Each matching step is quite complicated, requiring iterative scanning of all permutations of tokens as demonstrated in current code here.
That would then replace quanteda dependency with hunspell, Rcpp, and whatever that package might be called. The package could also potentially be considered for onboarding according to current policies.
The Problem
- I ain't got no time to do this, and it's way beyond scope of what I oughta be doing, making it unlikely to happen
- Is that really such a huge saving, when one admittedly huge package is replaced by three which add up to something potentially only marginally smaller anyway?
The Workaround for the Moment
I could potentially find sufficient time to start a branch of this repo and sketch a plausible version with a single mode of matching for stellar purposes. Doing that would likely give us/me/whomever a clearer idea of what might be required. The time issue would still affect that, but might be able to squeeze together a minimal working demo relatively quickly.
See also ROpenSci's own tokenizers package, which uses the snowballC package for the hard work.

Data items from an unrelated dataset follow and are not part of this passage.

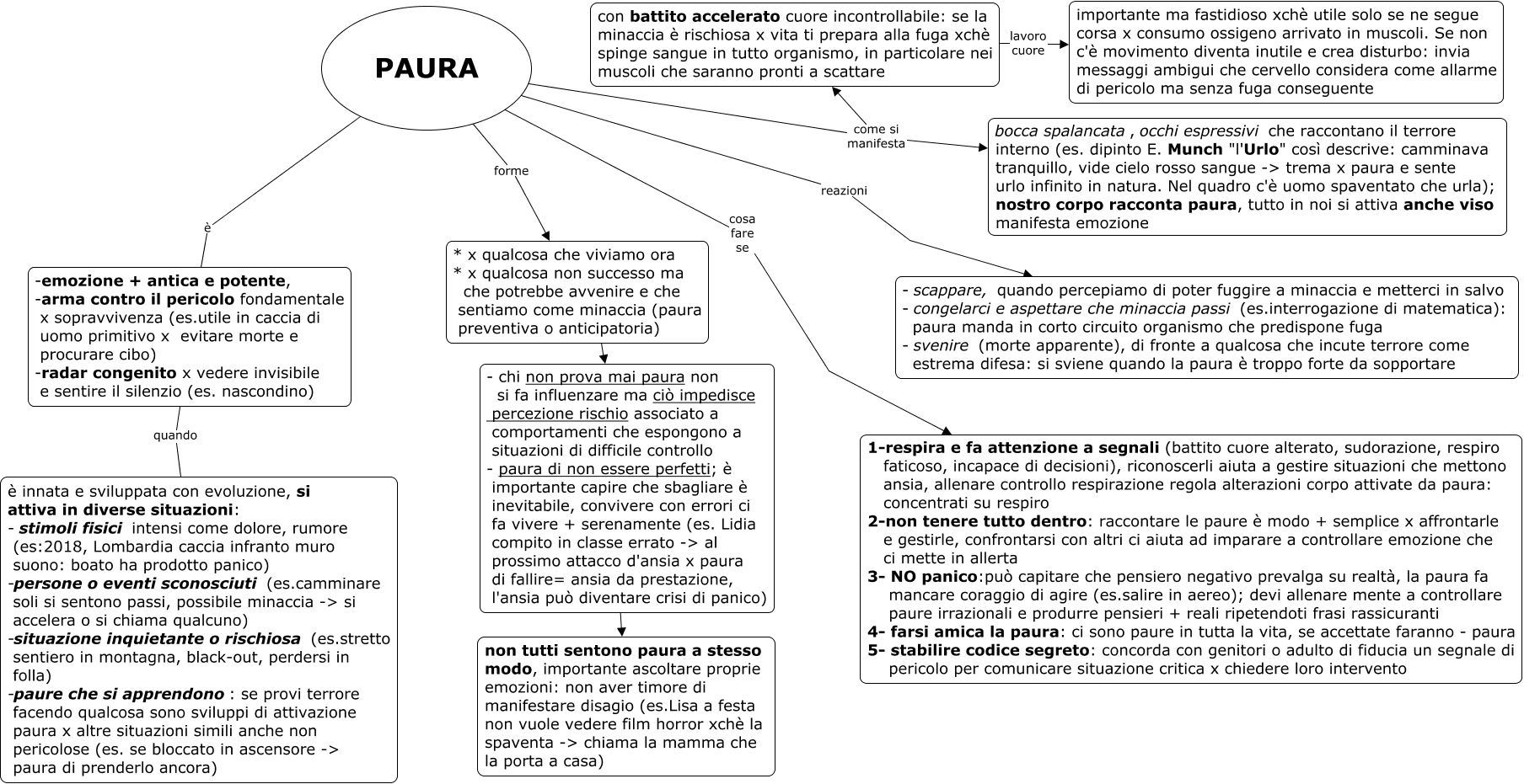 Questa Cmap, creata con IHMC CmapTools, contiene informazioni relative a: PAURA, PAURA è -emozione + antica e potente, -arma contro il pericolo fondamentale x sopravvivenza (es.utile in caccia di uomo primitivo x evitare morte e procurare cibo) -radar congenito x vedere invisibile e sentire il silenzio (es. nascondino), con battito accelerato cuore incontrollabile: se la minaccia è rischiosa x vita ti prepara alla fuga xchè spinge sangue in tutto organismo, in particolare nei muscoli che saranno pronti a scattare lavoro cuore importante ma fastidioso xchè utile solo se ne segue corsa x consumo ossigeno arrivato in muscoli. Se non c'è movimento diventa inutile e crea disturbo: invia messaggi ambigui che cervello considera come allarme di pericolo ma senza fuga conseguente, * x qualcosa che viviamo ora * x qualcosa non successo ma che potrebbe avvenire e che sentiamo come minaccia (paura preventiva o anticipatoria) ???? - chi non prova mai paura non si fa influenzare ma ciò impedisce percezione rischio associato a comportamenti che espongono a situazioni di difficile controllo - paura di non essere perfetti; è importante capire che sbagliare è inevitabile, convivere con errori ci fa vivere + serenamente (es. Lidia compito in classe errato -> al prossimo attacco d'ansia x paura di fallire= ansia da prestazione, l'ansia può diventare crisi di panico), PAURA cosa fare se 1-respira e fa attenzione a segnali (battito cuore alterato, sudorazione, respiro faticoso, incapace di decisioni), riconoscerli aiuta a gestire situazioni che mettono ansia, allenare controllo respirazione regola alterazioni corpo attivate da paura: concentrati su respiro 2-non tenere tutto dentro: raccontare le paure è modo + semplice x affrontarle e gestirle, confrontarsi con altri ci aiuta ad imparare a controllare emozione che ci mette in allerta 3- NO panico:può capitare che pensiero negativo prevalga su realtà, la paura fa mancare coraggio di agire (es.salire in aereo); devi allenare mente a controllare paure irrazionali e produrre pensieri + reali ripetendoti frasi rassicuranti 4- farsi amica la paura: ci sono paure in tutta la vita, se accettate faranno - paura 5- stabilire codice segreto: concorda con genitori o adulto di fiducia un segnale di pericolo per comunicare situazione critica x chiedere loro intervento, PAURA reazioni - scappare, quando percepiamo di poter fuggire a minaccia e metterci in salvo - congelarci e aspettare che minaccia passi (es.interrogazione di matematica): paura manda in corto circuito organismo che predispone fuga - svenire (morte apparente), di fronte a qualcosa che incute terrore come estrema difesa: si sviene quando la paura è troppo forte da sopportare, PAURA come si manifesta bocca spalancata, occhi espressivi che raccontano il terrore interno (es. dipinto E. Munch "l'Urlo" così descrive: camminava tranquillo, vide cielo rosso sangue -> trema x paura e sente urlo infinito in natura. Nel quadro c'è uomo spaventato che urla); nostro corpo racconta paura, tutto in noi si attiva anche viso manifesta emozione, -emozione + antica e potente, -arma contro il pericolo fondamentale x sopravvivenza (es.utile in caccia di uomo primitivo x evitare morte e procurare cibo) -radar congenito x vedere invisibile e sentire il silenzio (es. nascondino) quando è innata e sviluppata con evoluzione, si attiva in diverse situazioni: - stimoli fisici intensi come dolore, rumore (es:2018, Lombardia caccia infranto muro suono: boato ha prodotto panico) -persone o eventi sconosciuti (es.camminare soli si sentono passi, possibile minaccia -> si accelera o si chiama qualcuno) -situazione inquietante o rischiosa (es.stretto sentiero in montagna, black-out, perdersi in folla) -paure che si apprendono: se provi terrore facendo qualcosa sono sviluppi di attivazione paura x altre situazioni simili anche non pericolose (es. se bloccato in ascensore -> paura di prenderlo ancora), PAURA come si manifesta con battito accelerato cuore incontrollabile: se la minaccia è rischiosa x vita ti prepara alla fuga xchè spinge sangue in tutto organismo, in particolare nei muscoli che saranno pronti a scattare, - chi non prova mai paura non si fa influenzare ma ciò impedisce percezione rischio associato a comportamenti che espongono a situazioni di difficile controllo - paura di non essere perfetti; è importante capire che sbagliare è inevitabile, convivere con errori ci fa vivere + serenamente (es. Lidia compito in classe errato -> al prossimo attacco d'ansia x paura di fallire= ansia da prestazione, l'ansia può diventare crisi di panico) ???? non tutti sentono paura a stesso modo, importante ascoltare proprie emozioni: non aver timore di manifestare disagio (es.Lisa a festa non vuole vedere film horror xchè la spaventa -> chiama la mamma che la porta a casa), PAURA forme * x qualcosa che viviamo ora * x qualcosa non successo ma che potrebbe avvenire e che sentiamo come minaccia (paura preventiva o anticipatoria)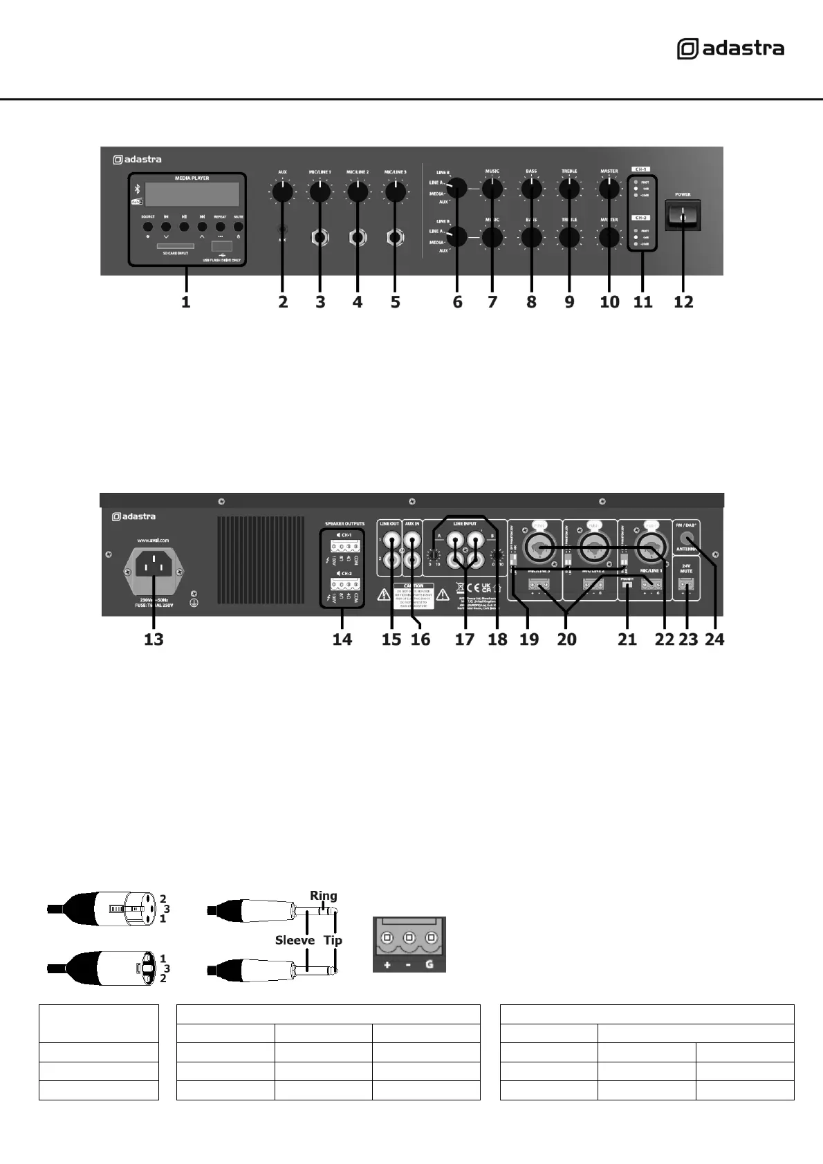 (3, 4, 5) or via XLR, 6.3mm jack or screw terminal at the rear (20, 22), offering comprehensive input options.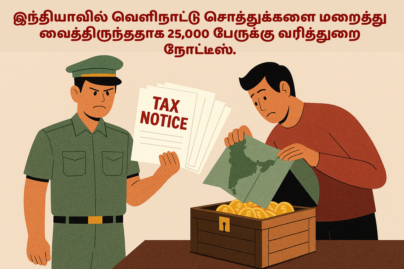 வெளிநாட்டு சொத்துக்கள் தொடர்பான விபரங்களை தங்களது வருமான வரி தாக்கலில் தெரிவிக்காத 25,000 பேருக்கு குறுஞ்செய்தி அல்லது மின்னஞ்சல் அனுப்ப உள்ளதாக வருமான வரித்துறை வட்டாரங்கள் தெரிவிக்கின்றன.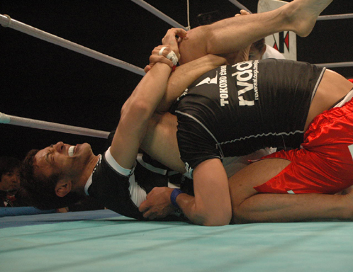 所英男に三角絞めで一本勝ちする勝村周一朗(2006年5月)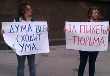 Елена Глушко и Елена Морозова на пикете у Госдумы, 01.07.2014. Фото Дмитрия Зыкова/Грани.Ру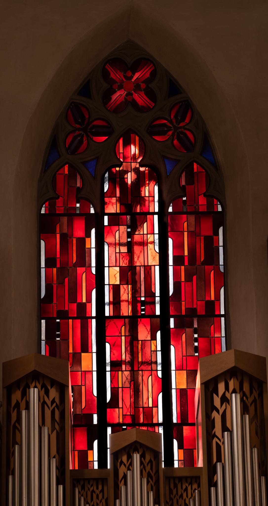 Dreilanzettiges Masswerkfenster mit schmalen, rechteckigen, roten und farblosen Glasstücken abstrakt-geometrisch gestaltet.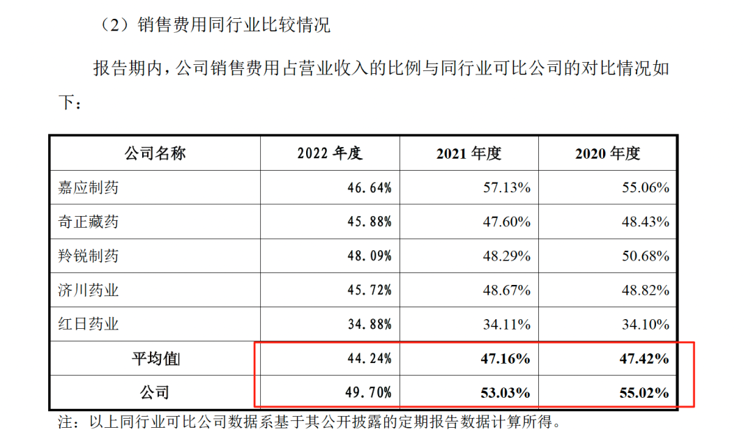 2020年至2022年,百神藥業(yè)的銷售費(fèi)用分別為3.03億元、3.32億元、2.80億元,三年花了超9億元在銷售費(fèi)用上,占營業(yè)收入的比例分別為55.02%、53.03%和49.7%,高于平均值。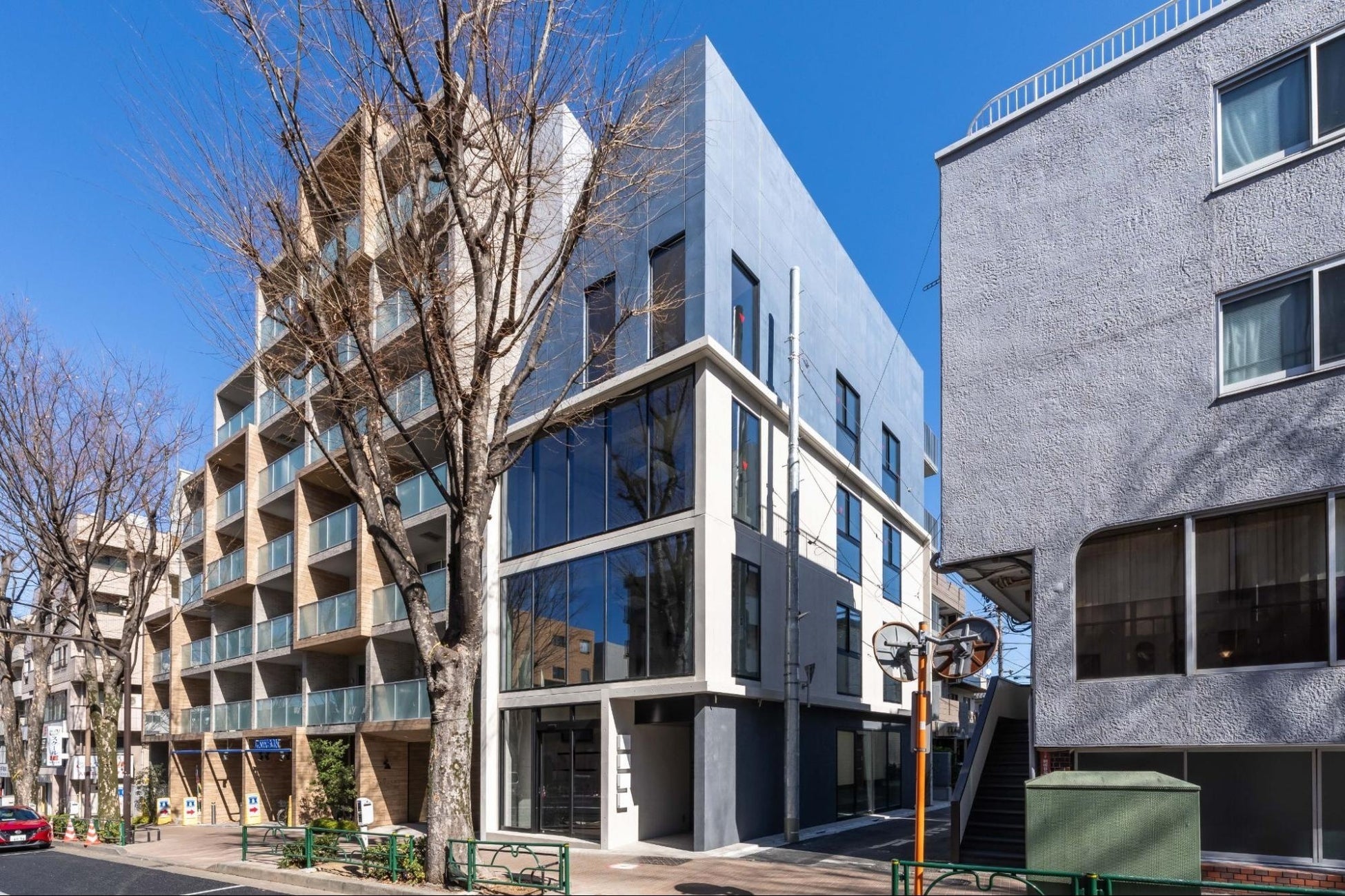 角地を活かした開放感あるデザインと、夜景に映える門型ライティングが特徴です。中杉通りに面した窓からは、ケヤキ並木を借景として楽しめます。
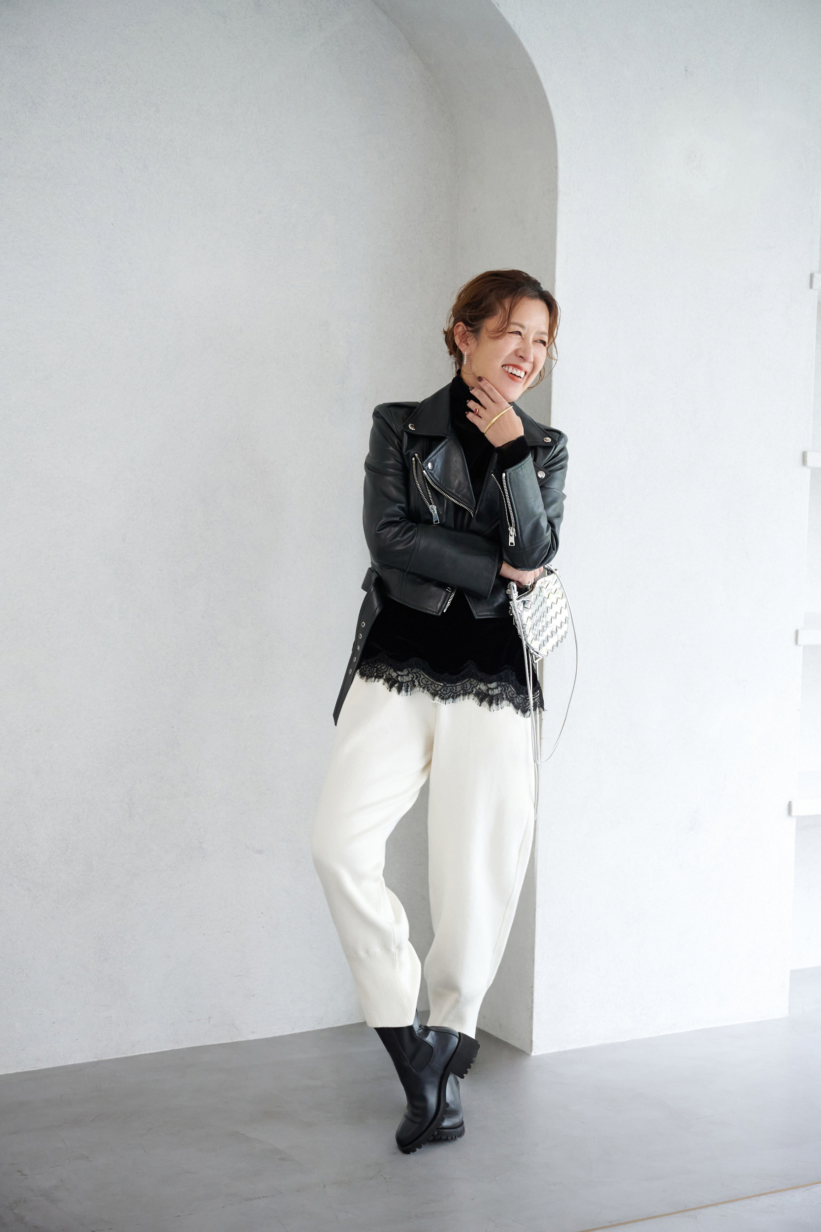 「スウェットのようにリラクシーな白のニットパンツ。裾はサイドゴアブーツに引っ掛けて。上半身は、ライダースジャケットと黒のレースキャミソールをレイヤードして、エッジの効いた着こなしに。ゆるさとモードのアンバランスが生む、洗練された抜け感を意識しました。バッグは、モノトーンに硬質な光を添えるシルバー」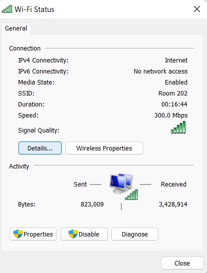 Będziesz mógł zobaczyć szczegóły DNS IPv4 i IPv6 dla tego połączenia sieciowego.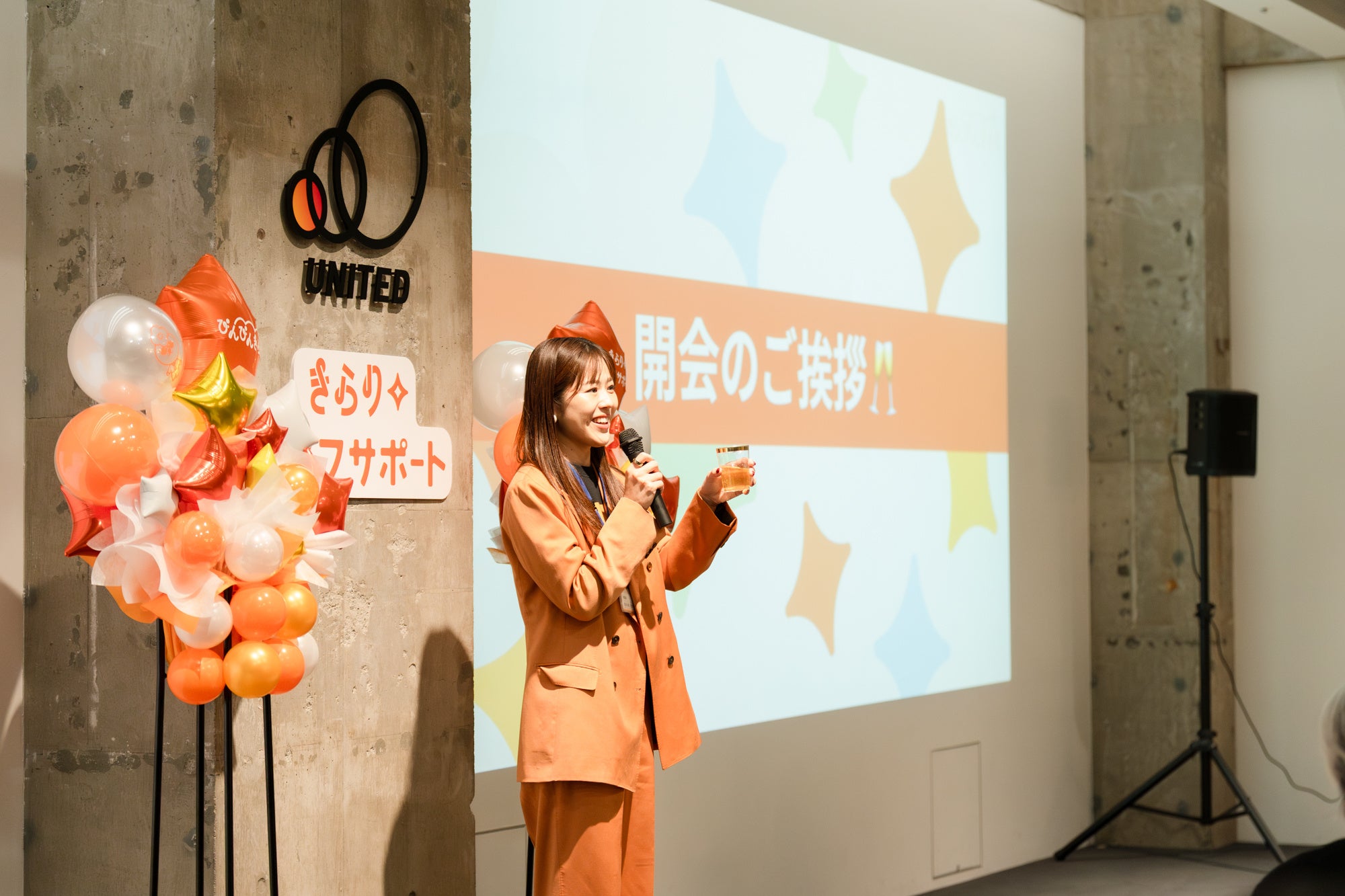 開会では、代表取締役・喜多尾衣利子より創業の想いやこれまでの歩み、きらりさんへの感謝をお伝えし、乾杯のご挨拶で会がスタート。会場は終始あたたかな空気に包まれ、食事とともに自然な交流が広がりました。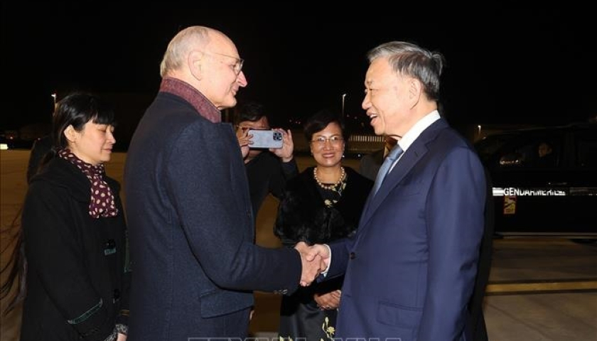 Đại diện Cục Lễ tân, Bộ Ngoại giao Pháp mời Tổng Bí thư, Chủ tịch nước Tô Lâm đi trên thảm đỏ dọc theo hai hàng tiêu binh, bắt tay các quan chức ra đón. Đông đảo cộng đồng người Việt Nam tại Pháp vẫy cờ, hoa chào mừng Tổng Bí thư, Chủ tịch nước Tô Lâm và Đoàn đại biểu cấp cao Việt Nam.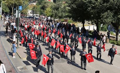 Yürüyüşün ardından Bursa Valisi Erol Ayyıldız ve Büyükşehir Belediye Başkanı Mustafa Bozbey, Atatürk Anıtı’na çelenk bıraktı. Tören, saygı duruşu ve İstiklal Marşı'nın okunmasıyla devam etti.

@jonocarroll thoughts here please. This code tokenizes the Description texts of all R packages using 3 different packages for the task::
db <- tools::CRAN_package_db ()
txt <- db$Description
sw <- stopwords::stopwords ("en")
# -------- tokenizers -------
ftok <- function (txt)
{
lapply (txt, function (i) {
d <- strsplit (i, split = " ") [[1]]
tk <- unlist (tokenizers::tokenize_word_stems (d,
stopwords = sw))
tk [!tk == "NA"]
})
}
# -------- hunspell -------
fhun <- function (txt)
{
lapply (txt, function (i) {
d <- strsplit (i, split = " ") [[1]]
tk <- unlist (hunspell::hunspell_stem (d))
tk [!tk %in% sw]
})
}
# -------- quanteda -------
rqnt <- function (txt)
{
txt %>%
quanteda::char_tolower () %>%
quanteda::corpus () %>%
quanteda::texts () %>%
quanteda::tokens () %>%
quanteda::tokens_wordstem ()
}
rbenchmark::benchmark (
ftok (txt),
fhun (txt),
rqnt (txt),
replications = 2)
and the results ...
test replications elapsed relative user.self sys.self user.child sys.child
2 fhun(txt) 2 17.957 7.504 17.093 0.832 0 0
1 ftok(txt) 2 12.439 5.198 12.372 0.046 0 0
3 rqnt(txt) 2 2.393 1.000 2.474 0.013 0 0
quanteda is big for a reason. My main thought: 2.5s is likely an acceptable time for people to unexpectedly have to wait for first call to stellar or flipper; but once such unexpected waits extend beyond 10s, most folk will likely have already hit CTRL-C.
The further development of both this package and flipper now depends on some kind of opinionated decisions regarding size versus speed. See equivalent issue in stellar
(I finally had a moment to think about this)
What is the scope of this function? Do you intend to search for any package matching that phrase in some way, or just the user's starred repos? If it's the latter, then that speeds things up significantly:
s <- stellar:::getstars (whoami::gh_username(), NULL, NULL, TRUE) # 391 elements
txt <- s$description
sw <- stopwords::stopwords ("en")
# <snip>
bench::mark (
ftok (txt),
fhun (txt),
rqnt (txt),
iterations = 2,
check = FALSE)
#> # A tibble: 3 x 10
#> expression min mean median max `itr/sec` mem_alloc n_gc n_itr
#> <chr> <bch:t> <bch> <bch:> <bch> <dbl> <bch:byt> <dbl> <int>
#> 1 ftok(txt) 107.1ms 109ms 109ms 111ms 9.19 4.86MB 2 2
#> 2 fhun(txt) 411.2ms 510ms 510ms 609ms 1.96 7.98MB 2 2
#> 3 rqnt(txt) 43.3ms 155ms 155ms 266ms 6.47 1.34MB 2 2
#> # ... with 1 more variable: total_time <bch:tm>
Created on 2018-08-15 by the reprex package (v0.2.0).
Admittedly, I have only starred 391 repos, but tokenizing these results should be pretty quick. Searching for any package seems to be extending beyond the scope of stellar (this is entirely suitable elsewhere, i.e. flipper).
Personally, I'd go with tokenizers since it's a) fast, and b) ROpenSci.
Yeah, i agree, and actually realised that flipper could simply pre-store/cache the tokenized versions of package descriptions anyway, entirely avoiding the speed issue. I'll sketch out a tokenizers solution here first, then apply it to flipper. Thanks!